**TASK TO CARRY OUT**
Among the entries below, find the line with "A delightful Kalyani" and the line with "Москва. 24 августа.". Return exactly those lines and every line between them, but no pictures.

**INFORMATION SHOWN**
++++++++++
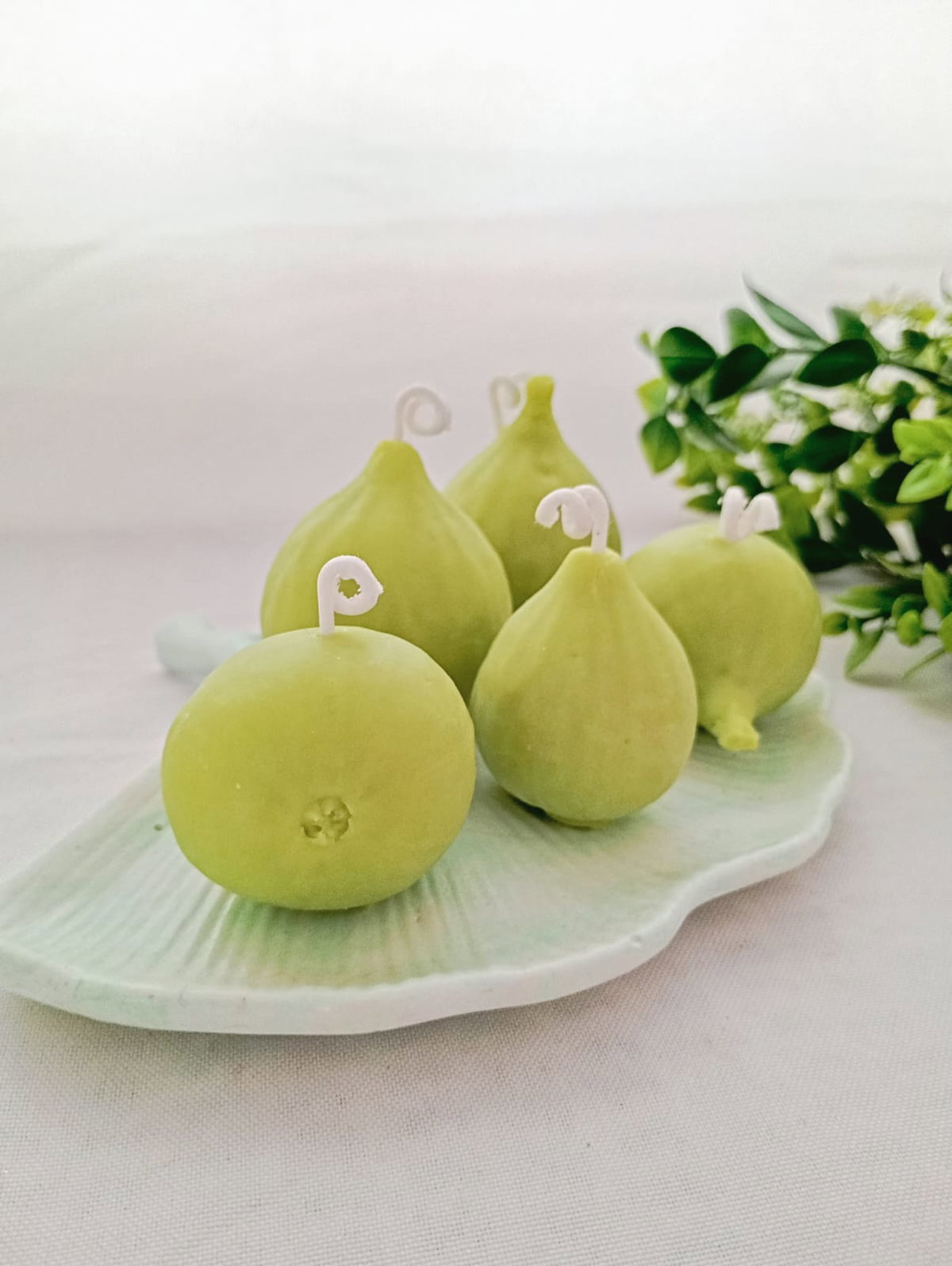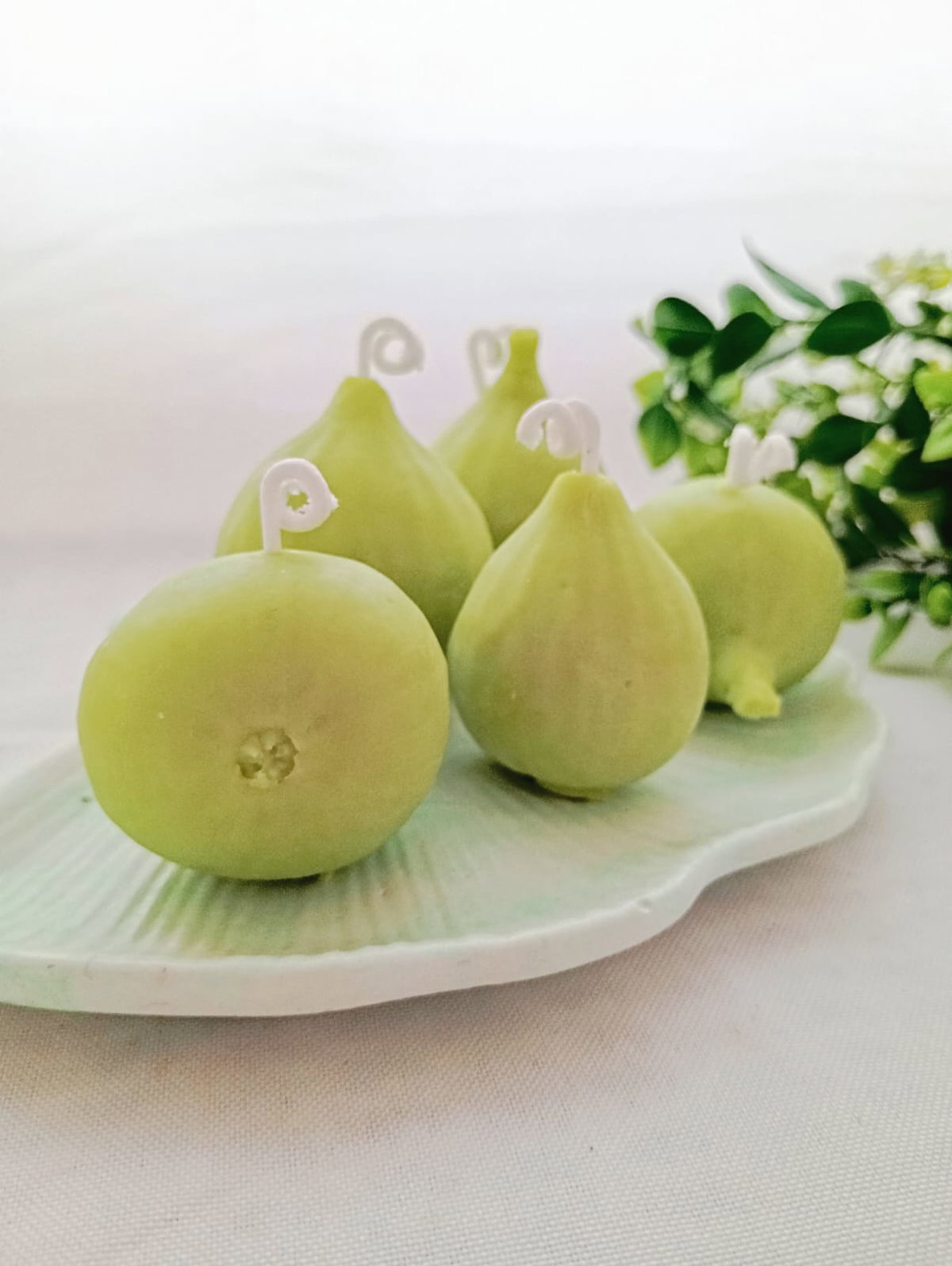 VELAS AROMATICAS DE CERA DE SOJA, MODELO HIGOS VARIOS TAMAÑOS SURTIDO, CAJA POR 5 UNIDADES, AROMA HIGOS AZUCARADOS.
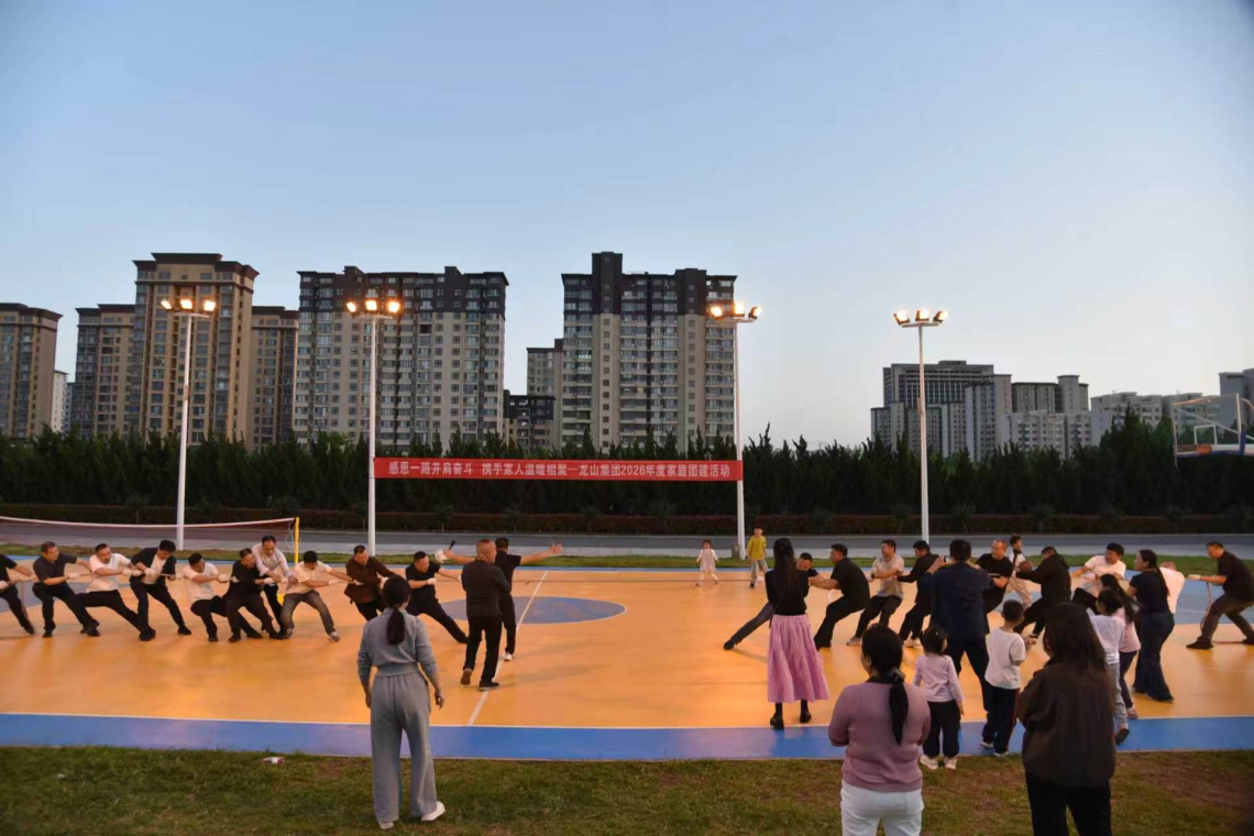 活动现场,气氛热烈。来自集团各部门、子公司的员工携家属踊跃参与,近百名家庭成员齐聚一堂,在轻松温馨的氛围中开启团建之旅。活动伊始,工会工作人员通过趣味破冰游戏,快速拉近员工与家属、同事之间的距离,现场笑声不断、互动频频,充分展现出龙山实业“大家庭”的和谐与温暖。备受期待的拔河比赛正式拉开帷幕。各参赛队伍精神抖擞,队员们紧握长绳、重心下沉,身体后倾、双脚用力蹬地,展现出十足的斗志。随着裁判一声清脆哨响,比赛正式开始,“一二!加油!一二!加油!”的整齐口号声、助威呐喊声此起彼伏,将现场气氛不断推向高潮。绳子中间的红绸带在双方力量的较量下左右摇摆,队员们齐心协力、咬牙坚持,家属们在一旁热情助威,为家人和队友加油鼓劲,场面既紧张激烈,又温馨感人。
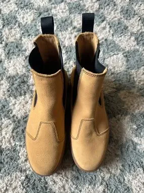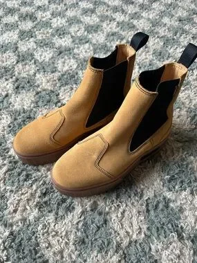 Chunky Chelsea boot in wheat suede. Black elastic side panels and pull tabs. Thick rubber lug sole with Puma branding. Modern platform silhouette.
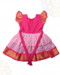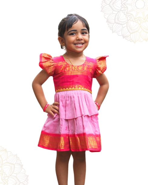 A delightful Kalyani cotton frock in pink and pastel pink, featuring elegant golden lace detailing on the chest. The two-layer design adds volume and grace, while the soft cotton lining ensures all-day comfort. A perfect choice for festivals, weddings, and special occasions, blending tradition with style.
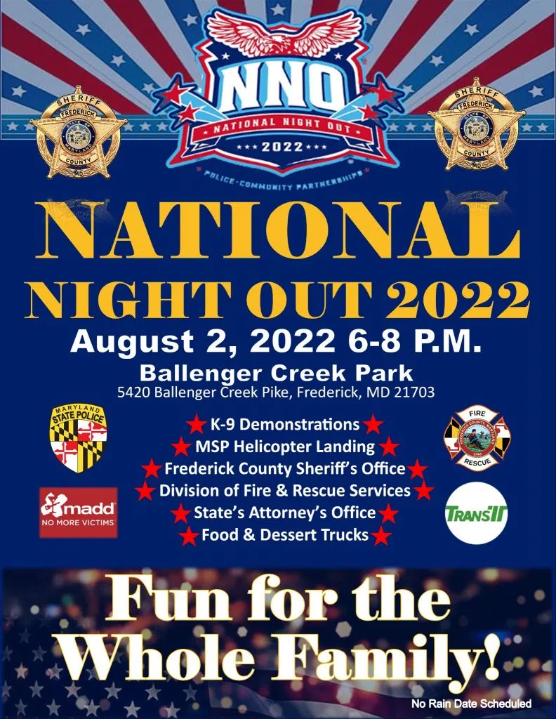 Frederick, Md. (KM) – Frederick County residents are invited to National Night Out on Tuesday, August 2nd. The Sheriff’s Office is hosting the event which will take place at Ballenger Creek Park, 5420 Ballenger Creek Pike, from 6:00 PM to 8:00 PM.
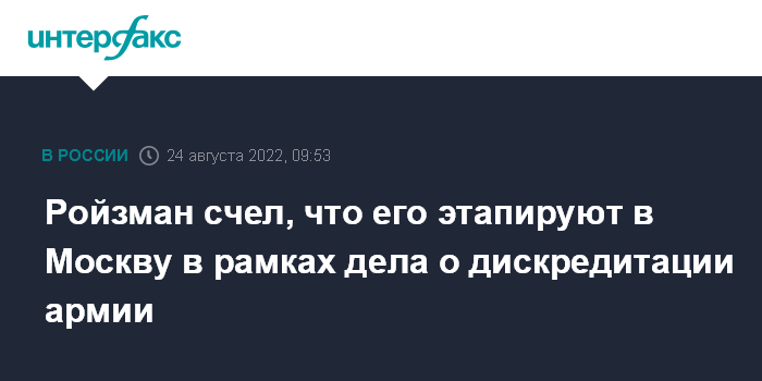 Москва. 24 августа. INTERFAX.RU - Бывший мэр Екатеринбурга Евгений Ройзман подтвердил информацию о том, что в отношении него возбуждено уголовное дело по статье УК РФ о публичных действиях, направленных на дискредитацию использования Вооруженных сил РФ.
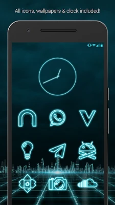 The Grid (Free Version) is a neon blue/teal theme with a focus on Sci-Fi aesthetics with digital 3D renderings of futuristic backgrounds. Glowing neon blue futuristic sci-fi Icons have transparency to blend in well with your backgrounds. Icons also feature a 3D looks and handmade designs. Custom wallpapers have variations in darkness for you to experiment with, or use your own backgrounds to create your own futuristic theme.
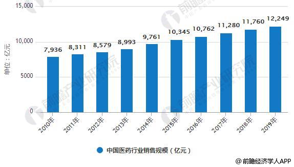 2010-2019年中国医药行业销售规模统计情况及预测
++++++++++
**OUTPUT OF THE EXERCISE**
 A delightful Kalyani cotton frock in pink and pastel pink, featuring elegant golden lace detailing on the chest. The two-layer design adds volume and grace, while the soft cotton lining ensures all-day comfort. A perfect choice for festivals, weddings, and special occasions, blending tradition with style.
 Frederick, Md. (KM) – Frederick County residents are invited to National Night Out on Tuesday, August 2nd. The Sheriff’s Office is hosting the event which will take place at Ballenger Creek Park, 5420 Ballenger Creek Pike, from 6:00 PM to 8:00 PM.
 Москва. 24 августа. INTERFAX.RU - Бывший мэр Екатеринбурга Евгений Ройзман подтвердил информацию о том, что в отношении него возбуждено уголовное дело по статье УК РФ о публичных действиях, направленных на дискредитацию использования Вооруженных сил РФ.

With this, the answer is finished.